U.S. Oil Demand Increases After months in Decline
The U.S. oil market seems to be getting back on its feet. With oil price getting back to its former price, the oil demand is steadily increasing as well. For months now, the Asian market has been a helping hand in keeping the global oil market alive, especially for the U.S. market.
With the stabilization of global oil demand and production, domestic refiners are processing the most crude oil since the economy's massive halt in March. The increase in demand is due to the vaccine-driven boost, which is planned for this summer. Without a doubt, this will help the U.S. oil market recover from the hit it took during the pandemic.
West Texas Intermediate crude is one of the domestic refiners that has seen a significant increase in demand. The price has picked up at least 50 cents a barrel compared to a few weeks ago, today being close to $60 a barrel. In comparison, Brent crude in London has gone up to $63 a barrel.
With the current extreme cold weather affecting Texas, propane and oil, fuels used in mobile heating devices, the demand is expected to increase further. Of course, the harsh weather conditions may affect Texas's oil production, primarily Midland, Texas, a critical U.S. shale production area.

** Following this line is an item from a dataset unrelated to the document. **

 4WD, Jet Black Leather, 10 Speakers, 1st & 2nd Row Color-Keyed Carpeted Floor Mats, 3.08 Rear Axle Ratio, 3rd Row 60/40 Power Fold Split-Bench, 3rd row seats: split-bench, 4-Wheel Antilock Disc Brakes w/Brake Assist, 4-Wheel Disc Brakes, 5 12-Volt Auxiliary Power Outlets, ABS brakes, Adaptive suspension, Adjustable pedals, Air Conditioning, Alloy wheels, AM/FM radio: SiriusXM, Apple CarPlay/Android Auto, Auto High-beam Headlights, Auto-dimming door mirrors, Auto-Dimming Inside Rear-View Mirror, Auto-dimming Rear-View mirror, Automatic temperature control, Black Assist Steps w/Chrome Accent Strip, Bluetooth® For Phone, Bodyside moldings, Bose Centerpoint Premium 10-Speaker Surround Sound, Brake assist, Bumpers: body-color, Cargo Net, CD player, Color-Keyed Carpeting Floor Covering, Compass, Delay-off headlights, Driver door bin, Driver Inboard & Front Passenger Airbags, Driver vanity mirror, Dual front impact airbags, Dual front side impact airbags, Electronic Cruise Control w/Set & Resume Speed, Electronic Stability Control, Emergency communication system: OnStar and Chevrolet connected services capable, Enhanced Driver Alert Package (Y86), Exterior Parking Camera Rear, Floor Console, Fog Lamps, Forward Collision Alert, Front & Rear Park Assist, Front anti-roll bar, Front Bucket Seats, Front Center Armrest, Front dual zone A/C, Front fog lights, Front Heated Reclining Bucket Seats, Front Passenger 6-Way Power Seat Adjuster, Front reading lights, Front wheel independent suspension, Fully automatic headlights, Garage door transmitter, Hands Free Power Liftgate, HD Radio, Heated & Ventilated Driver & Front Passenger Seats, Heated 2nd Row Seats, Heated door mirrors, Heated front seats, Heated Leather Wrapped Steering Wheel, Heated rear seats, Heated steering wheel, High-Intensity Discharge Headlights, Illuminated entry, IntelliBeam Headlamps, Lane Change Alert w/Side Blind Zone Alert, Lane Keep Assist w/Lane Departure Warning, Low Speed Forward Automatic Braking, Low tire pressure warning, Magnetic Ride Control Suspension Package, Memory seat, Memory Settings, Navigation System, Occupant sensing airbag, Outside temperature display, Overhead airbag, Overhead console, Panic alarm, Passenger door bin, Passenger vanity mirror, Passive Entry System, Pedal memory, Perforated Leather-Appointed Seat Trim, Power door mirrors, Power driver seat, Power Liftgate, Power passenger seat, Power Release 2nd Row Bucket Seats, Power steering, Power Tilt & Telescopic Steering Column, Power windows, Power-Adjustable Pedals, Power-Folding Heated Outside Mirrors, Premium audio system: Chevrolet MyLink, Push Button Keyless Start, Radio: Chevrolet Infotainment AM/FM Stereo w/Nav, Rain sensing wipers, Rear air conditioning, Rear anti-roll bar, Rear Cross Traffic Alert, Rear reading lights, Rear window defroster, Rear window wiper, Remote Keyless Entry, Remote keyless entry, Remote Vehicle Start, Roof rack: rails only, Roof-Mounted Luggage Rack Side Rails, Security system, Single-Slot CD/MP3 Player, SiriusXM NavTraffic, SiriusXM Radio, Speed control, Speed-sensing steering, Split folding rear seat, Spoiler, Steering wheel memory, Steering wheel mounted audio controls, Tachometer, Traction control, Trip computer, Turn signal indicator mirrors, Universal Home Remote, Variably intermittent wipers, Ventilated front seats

Well shutdowns, disrupted road transport, and power outages can impact the current output.
After dozens of drillers reduced their budgets and filed for bankruptcy back in 2020, which took two million barrels a day off the U.S. oil market, this demand increase will significantly boost the economy. The U.S. government sees production recovering to 11.5 million barrels a day in 2022, not as much as before the pandemic (13.1 million barrels a day) but still a significant increase in oil demand.